Mart managers from around the country have told Agriland of feedlot buyers polling one another into prices “north of €2.50/kg liveweight” in an effort to fill out loads of suitable, in-spec Angus stock as factories struggle to fill contracts for Angus beef.
For example, a mart in the southern part of the country witnessed an exceptional trade for Angus heifers and steers last week with an Angus bullock weighing 728kg selling for €1,850 or €2.54/kg.
A grouping of three Angus beef heifers in the same town weighing 572kg sold at €1,480/head or €2.59/kg.
Assuming the bullock mentioned (above) killed out at 50% of its mart weight, it would leave the buyer with a carcass weight of 364kg.

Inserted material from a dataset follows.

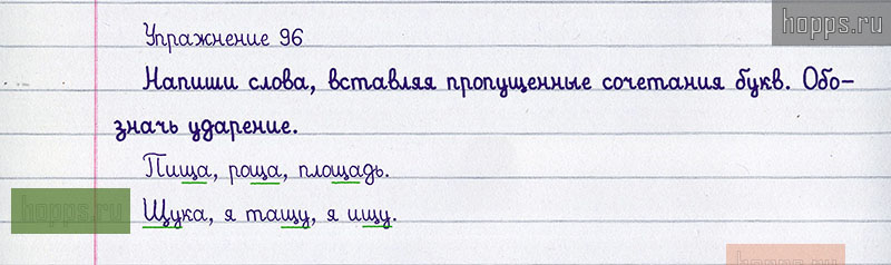 Подробные ответы к 96 упражнению учебника 2020 года по русскому языку автора Т.Г. Рамзаева для учащихся 1 класса. Шипящие согласные звуки. Буквы после шипящих в сочетаниях жи, ши, ча, ща, чу, щу.
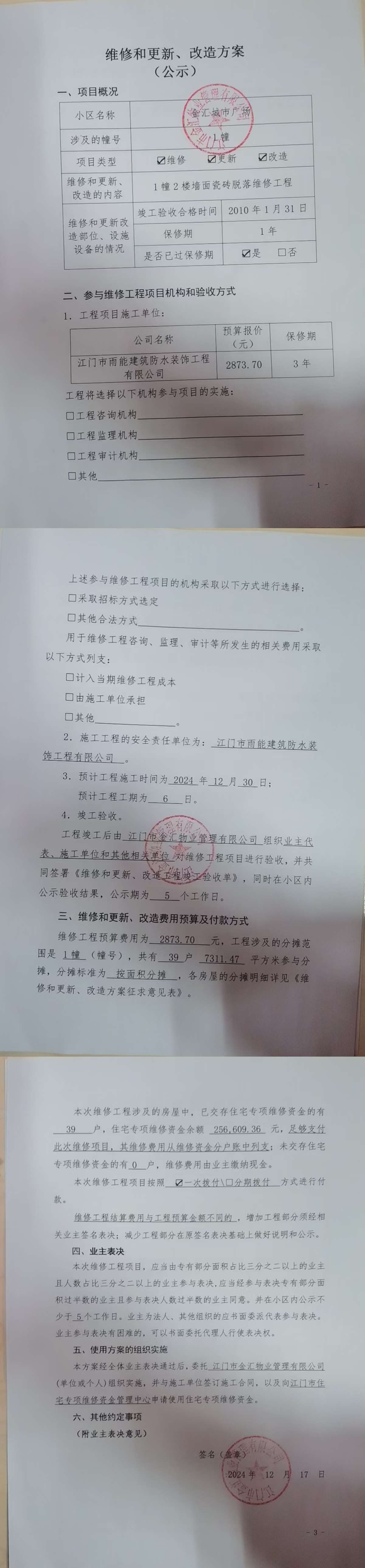 <td VALIGN="top" VALUES="" STYLE="border-width:0" BINDTYPE="0" ROWSPAN="18" COLSPAN="7" DATASOURCE="投票内容" ><font style="font-size:12pt;"><p style="text-align: left; font-family: 宋体; font-size: 16px; line-height: 1.75em; text-indent: 0em;">金汇城市广场金汇城市广场1栋全体业主:</p><p style="text-align: left; font-family: 宋体; font-size: 16px; line-height: 1.75em; text-indent: 2em;">本小区关于金汇城市广场关于1幢2楼电梯大堂墙身补瓷砖工程申请维修资金的投票的投票因多数业主联系不上,需加强联系业主。而延期,延期后投票结束时间由2025年03月31日延至2025年07月31日,由此带来不便,敬请谅解。<br/><br/></p><p style="text-align: left; font-family: 宋体; font-size: 18px; line-height: 1.75em;"><span style="font-size: 16px;"><strong>附件:</strong></span></p><p style="text-align: left; font-family: 宋体; font-size: 16px; line-height: 1.75em;"><br/></p><p style="white-space: normal; font-family: 宋体; font-size: 16px;line-height: 1.75em;"><strong>一、投票范围</strong></p><p style="white-space: normal; font-family: 宋体; font-size: 16px; line-height: 1.75em; text-indent: 2em;">金汇城市广场金汇城市广场1栋</p><p style="white-space: normal; font-family: 宋体; font-size: 16px; line-height: 1.75em; text-indent: 2em;">总人数(专有部分人数之和):38</p><p style="white-space: normal; font-family: 宋体; font-size: 16px; line-height: 1.75em; text-indent: 2em;"><span style="font-family: 宋体, SimSun; text-indent: 32px;"><span style="font-family: 宋体; text-indent: 32px;">总户数:39</span></span></p><p style="white-space: normal; font-family: 宋体; font-size: 16px; line-height: 1.75em; text-indent: 2em;">建筑物总面积(专有部分面积之和):7311.47㎡</p><p style="white-space: normal; font-family: 宋体;font-size: 16px; line-height: 1.75em;"><strong>二、投票起止时间</strong></p><p dir="ltr" style="white-space: normal; font-family: 宋体; line-height: 1.75em; text-indent: 2em;">投票表决时间:从2025年01月10日到2025年07月31日止</p><p dir="ltr" style="white-space: normal; font-family: 宋体; line-height: 1.75em; text-indent: 2em;">投票补录时间:从2025年08月01日到2025年08月06日止</p><p style="white-space: normal; font-family: 宋体; font-size: 16px;line-height: 1.75em;"><strong>三、投票详细描述</strong></p><p style="white-space: normal; font-family: 宋体; font-size: 16px; line-height: 1.75em; text-indent: 2em;"><p><span style="background-color: rgb(255, 255, 255); font-family: 宋体, SimSun; font-size: 14px;">&nbsp; 1幢2楼电梯大堂因雨天潮湿,导致电梯大堂</span><span style="background-color: rgb(255, 255, 255); font-family: 宋体, SimSun; font-size: 14px;">墙壁腐烂,<span style="font-family: 宋体, SimSun; font-size: 14px; background-color: rgb(255, 255, 255);">出现墙身瓷砖脱落,</span></span><span style="background-color: rgb(255, 255, 255); font-family: 宋体, SimSun; font-size: 14px;">严重影响业主出入正常生活。</span><span style="background-color: rgb(255, 255, 255); font-family: 宋体, SimSun; font-size: 14px;">现需把</span><span style="background-color: rgb(255, 255, 255); font-family: 宋体, SimSun; font-size: 14px;">1幢2楼电梯大堂</span><span style="background-color: rgb(255, 255, 255); font-family: 宋体, SimSun; font-size: 14px;">公共区域</span><span style="background-color: rgb(255, 255, 255); font-family: 宋体, SimSun; font-size: 14px;">铲除原有空鼓水泥沙批荡层,然后清理干净重新批荡水泥沙浆层,最后涂刷瓷砖背胶重新贴砖。</span><span style="background-color: rgb(255, 255, 255); font-family: 宋体, SimSun; font-size: 14px;">工程维修预算金额为2873.70元,项目最终费用以施工合同签订金额为准。维修费用的分摊标准为按建筑面积分摊,详见公示附件。物业公司联系电话:3929003。</span></p></p><p style="white-space: normal; font-family: 宋体;font-size: 16px; line-height: 1.75em;"><strong>四、计票规则</strong></p><p style="white-space: normal; font-family: 宋体; font-size: 16px; line-height: 1.75em; text-indent: 2em;">表决事项:使用建筑物及其附属设施的维修资金<br /><p style='text-align: left; font-family: 宋体; font-size: 16px; line-height: 1.75em; text-indent: 2em;'>计票规则:弃权票不并入其它项 未表决票不并入其它项</p></p><p style="white-space: normal; font-family: 宋体;font-size: 16px; line-height: 1.75em;"><strong>五、通过规则</strong></p><p style="white-space: normal; font-family: 宋体;font-size: 16px; line-height: 1.75em;"><strong><strong style="white-space: normal;"><span style="font-family: 宋体, SimSun;">&nbsp; 根据《中华人民共和国民法典》第二百七十八条规定:业主共同决定事项,应当由专有部分面积占比三分之二以上的业主且人数占比三分之二以上的业主参与表决。</span></strong></strong></p><p style="white-space: normal; font-family: 宋体; font-size: 16px; line-height: 1.75em; text-indent: 2em;"><span style="font-family: 宋体; text-indent: 32px;">表决事项:使用建筑物及其附属设施的维修资金<br /><p style='text-align: left; font-family: 宋体; font-size: 16px; line-height: 1.75em; text-indent: 2em;'>通过规则:双2/3以上参与表决,参与表决双过半同意</p></span></p><p style="text-align: left; font-family: 宋体; font-size: 16px; line-height: 1.75em;"><strong>六、投票方式</strong></p><p style="text-align: left; font-family: 宋体; font-size: 16px; line-height: 1.75em; text-indent: 2em;"><span style="font-family: 宋体; line-height: 28px;">在投票事项通知公告日起,请业主扫描二维码或者关注微信公众号(<strong>江门住建易办事</strong>)查看详细情况并进行投票。</span></p><p><br/></p><p style="text-align: right; font-family: 宋体; font-size: 16px; line-height

Without making any allowances for transport or mart fees, this bullock would have to come into €5.08/kg to break even on its mart price.
Other trends with angus cattle
Another trend observed currently in the Angus trade is farmers who have over-fit cattle (namely heifers) that would be grading a 4+ or a 5 in flesh in the factory, are opting to show these beef cattle at the mart, rather than face the penalties in the factory for over-fat cattle.
However, it is important to note that prices of €2.50/kg and above are not freely on offer at marts – as of yet – and are only witnessed on occasional lots of cattle.
Currently, the general run-of-the-mill O-grading, dairy bred Angus heifers and steers are trading at anywhere from €2.20/kg to €2.40/kg liveweight, with more on offer for better grading cattle.
This week, the general run of factory quotes is a base price of approximately €4.25/kg for steers and €4.30/kg for heifers, with a 20c/kg quality assurance (QA) bonus and a further 20c/kg Angus bonus – once the cattle are in-spec.
One mart told Agriland of a farmer giving as high as €2.78/kg last week for Angus store cattle and noted that many pundits of the cattle trade are now remarking “Angus is the new Charolais”.